The task ▸ In the material below, the lines between the one holding "金魚の健康のために、私は錠剤のクロレラを与えています。" and the one holding "I den strategiske", inclusive, are to be set down word for word. Pictures stay out.

Input data ▸
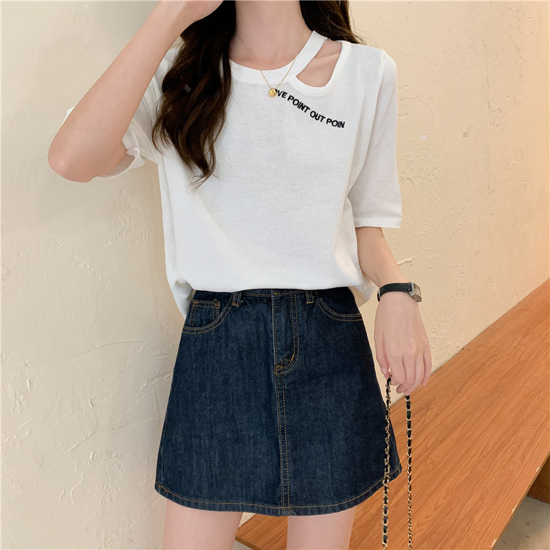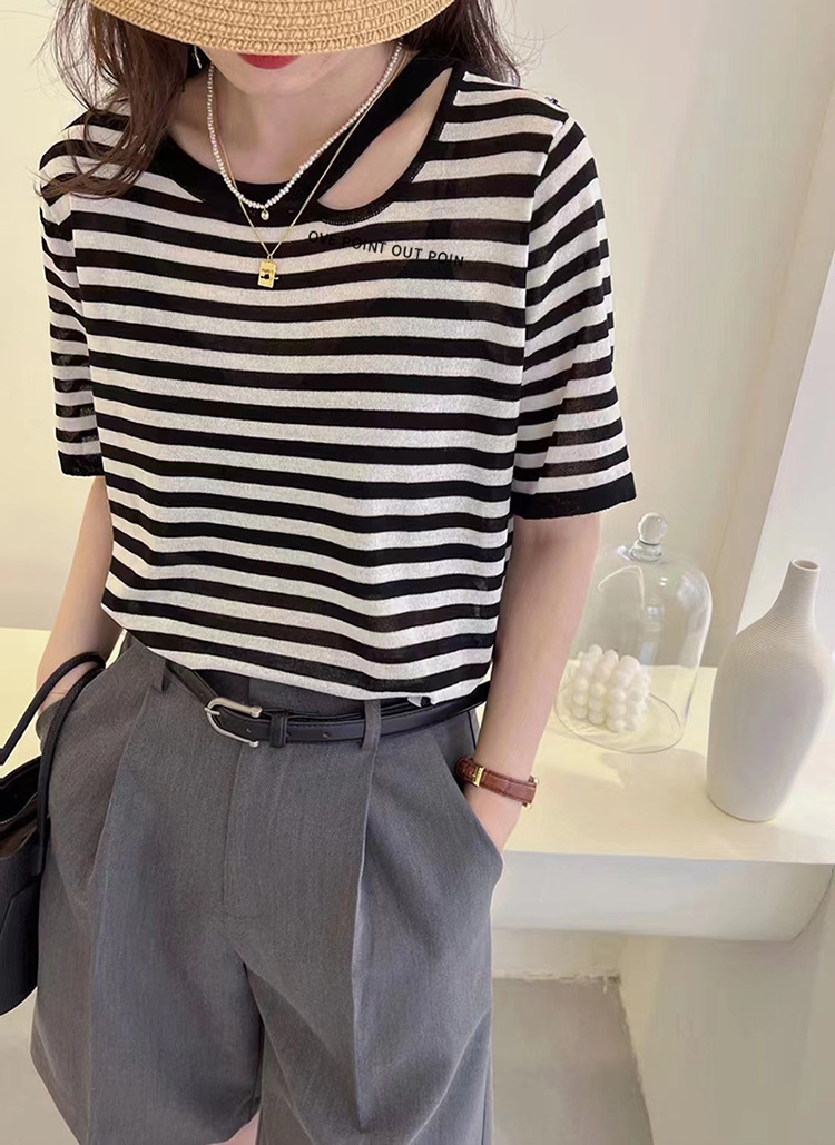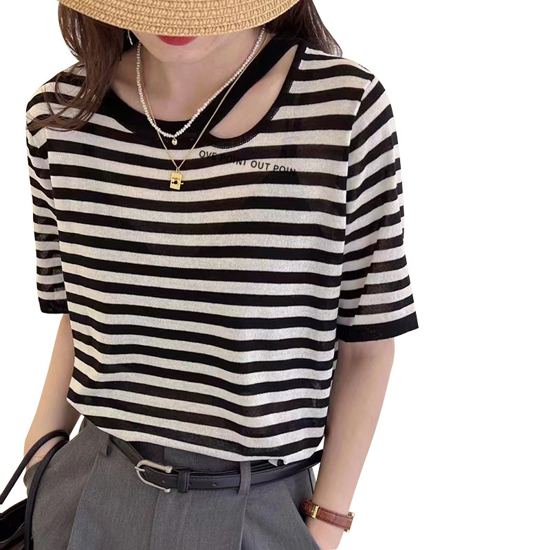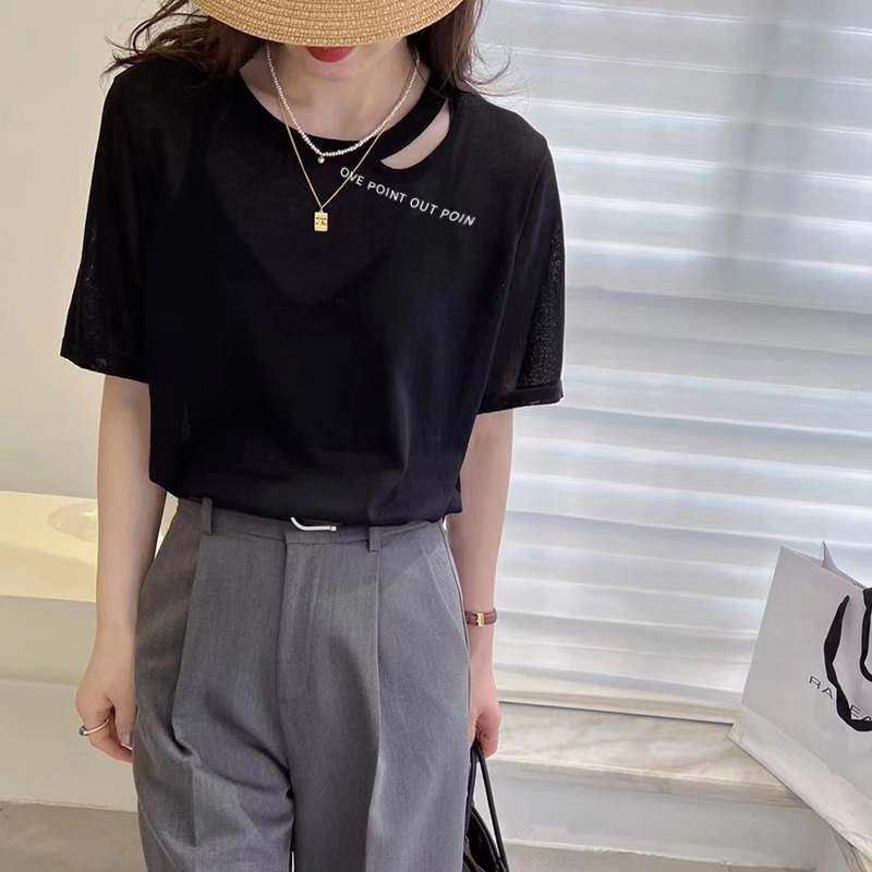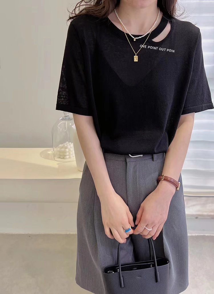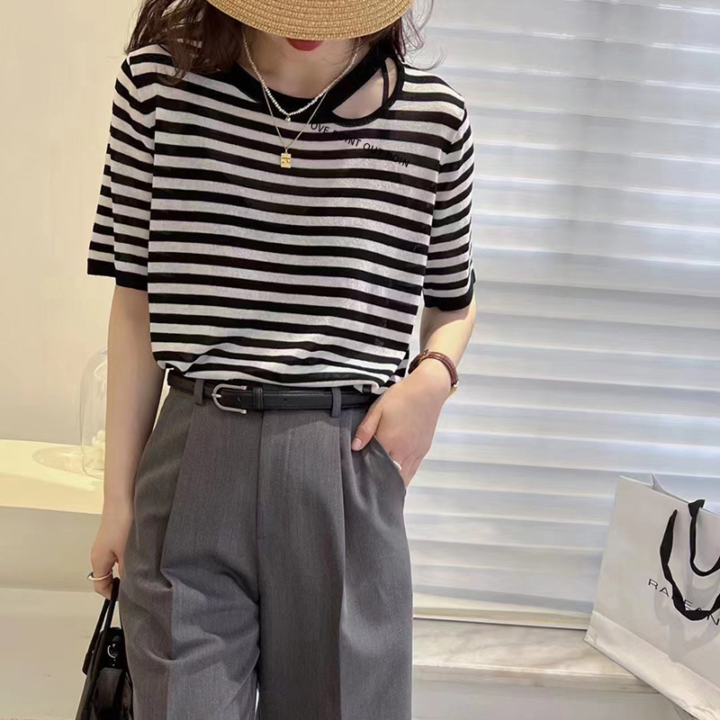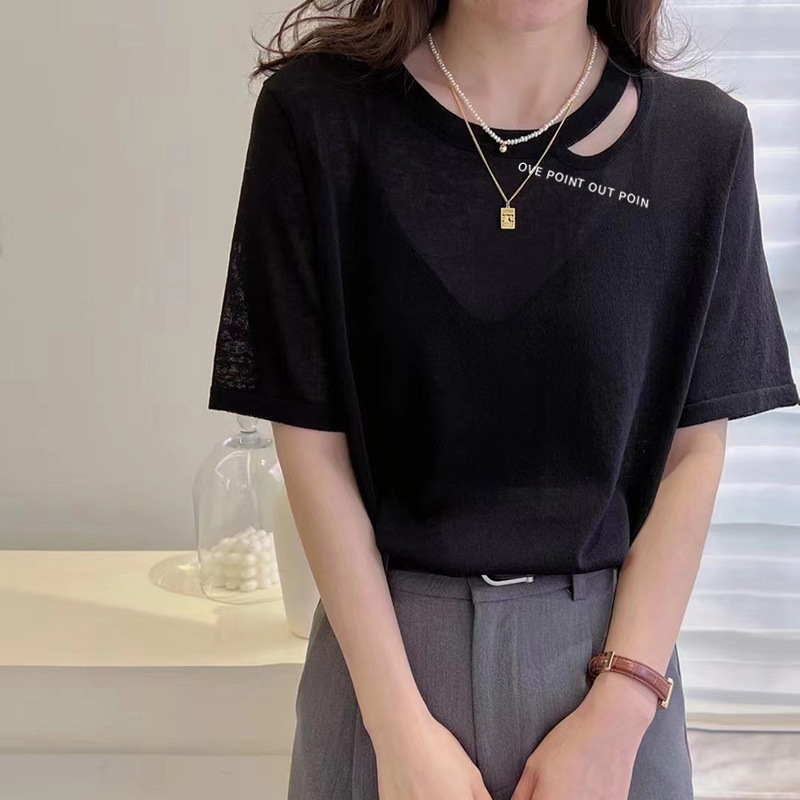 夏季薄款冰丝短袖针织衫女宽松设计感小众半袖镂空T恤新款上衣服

==

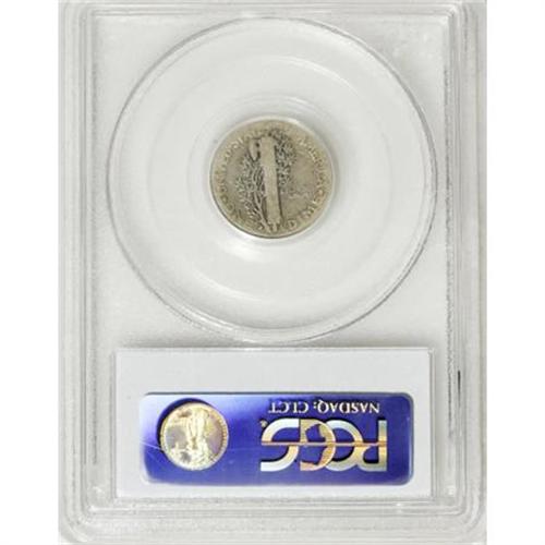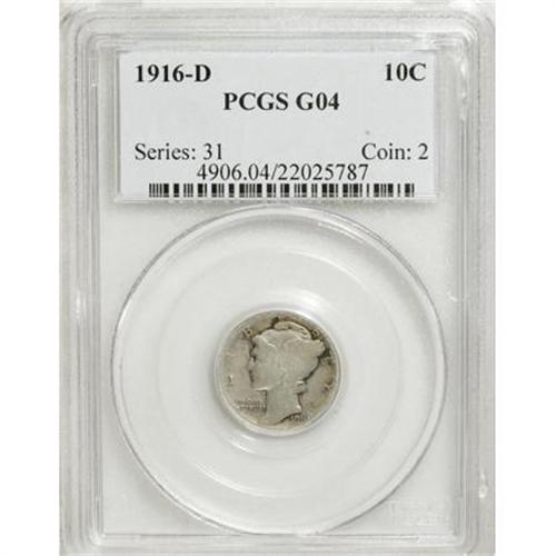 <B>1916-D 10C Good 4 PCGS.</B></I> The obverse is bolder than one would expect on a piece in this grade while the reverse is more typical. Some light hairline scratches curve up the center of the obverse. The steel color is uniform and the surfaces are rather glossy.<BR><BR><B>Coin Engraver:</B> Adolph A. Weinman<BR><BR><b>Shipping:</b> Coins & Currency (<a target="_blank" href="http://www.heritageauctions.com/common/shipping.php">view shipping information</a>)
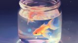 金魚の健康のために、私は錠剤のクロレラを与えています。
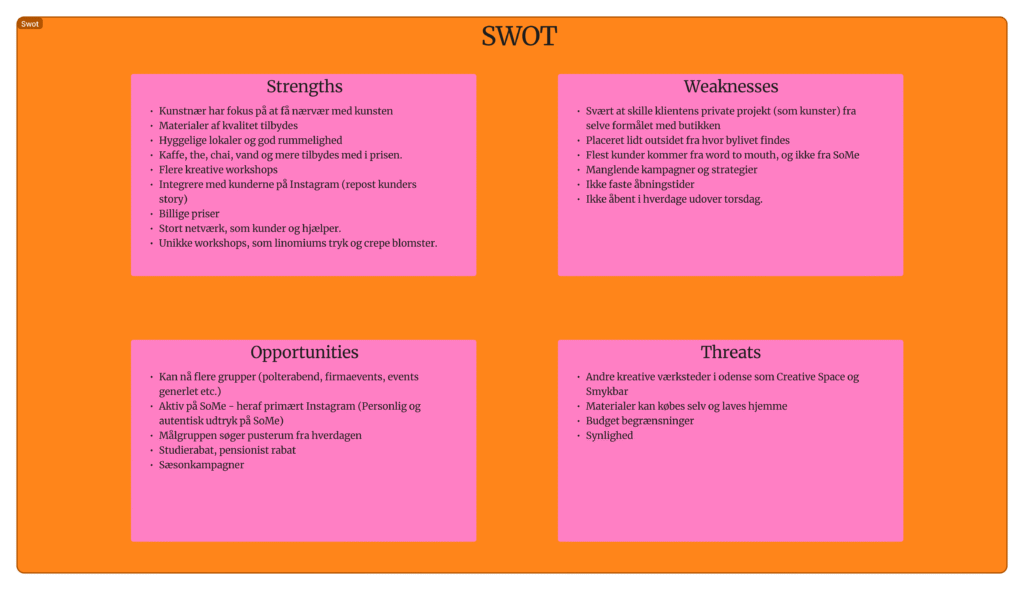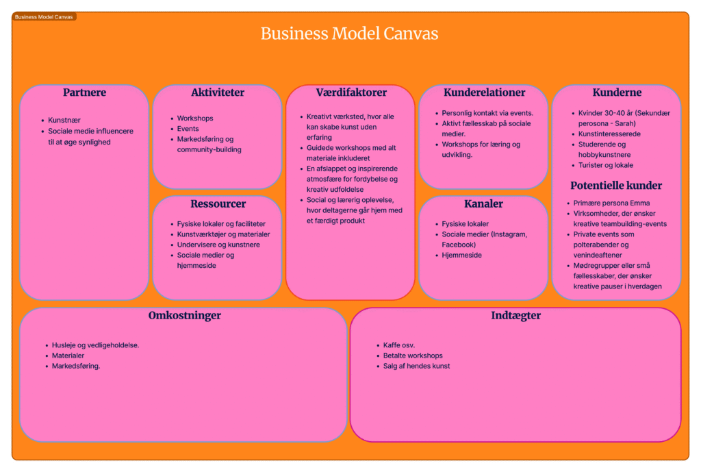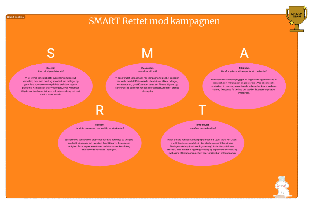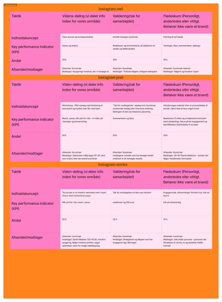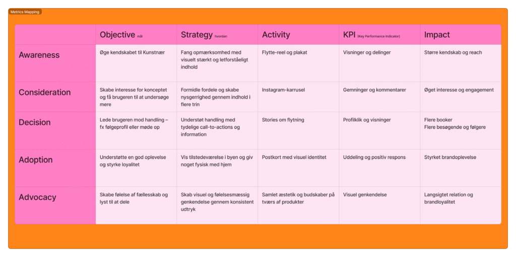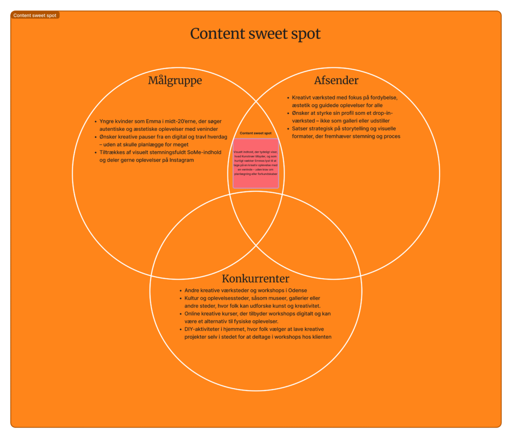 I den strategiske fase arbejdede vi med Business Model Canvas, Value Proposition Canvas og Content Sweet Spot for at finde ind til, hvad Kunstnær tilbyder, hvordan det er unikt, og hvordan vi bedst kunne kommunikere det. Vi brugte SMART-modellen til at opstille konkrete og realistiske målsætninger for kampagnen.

==

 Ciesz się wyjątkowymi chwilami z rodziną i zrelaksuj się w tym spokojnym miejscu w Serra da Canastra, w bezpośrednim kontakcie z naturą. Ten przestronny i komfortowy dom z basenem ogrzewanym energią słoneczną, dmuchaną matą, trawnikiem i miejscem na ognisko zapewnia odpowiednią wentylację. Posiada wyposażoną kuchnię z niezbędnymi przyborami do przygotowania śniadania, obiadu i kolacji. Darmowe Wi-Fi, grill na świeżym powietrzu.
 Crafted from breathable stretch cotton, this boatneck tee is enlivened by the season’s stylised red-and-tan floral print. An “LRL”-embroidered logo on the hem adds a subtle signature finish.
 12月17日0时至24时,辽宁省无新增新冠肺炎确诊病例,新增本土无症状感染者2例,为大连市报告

Result of the task ▸
 金魚の健康のために、私は錠剤のクロレラを与えています。
 I den strategiske fase arbejdede vi med Business Model Canvas, Value Proposition Canvas og Content Sweet Spot for at finde ind til, hvad Kunstnær tilbyder, hvordan det er unikt, og hvordan vi bedst kunne kommunikere det. Vi brugte SMART-modellen til at opstille konkrete og realistiske målsætninger for kampagnen.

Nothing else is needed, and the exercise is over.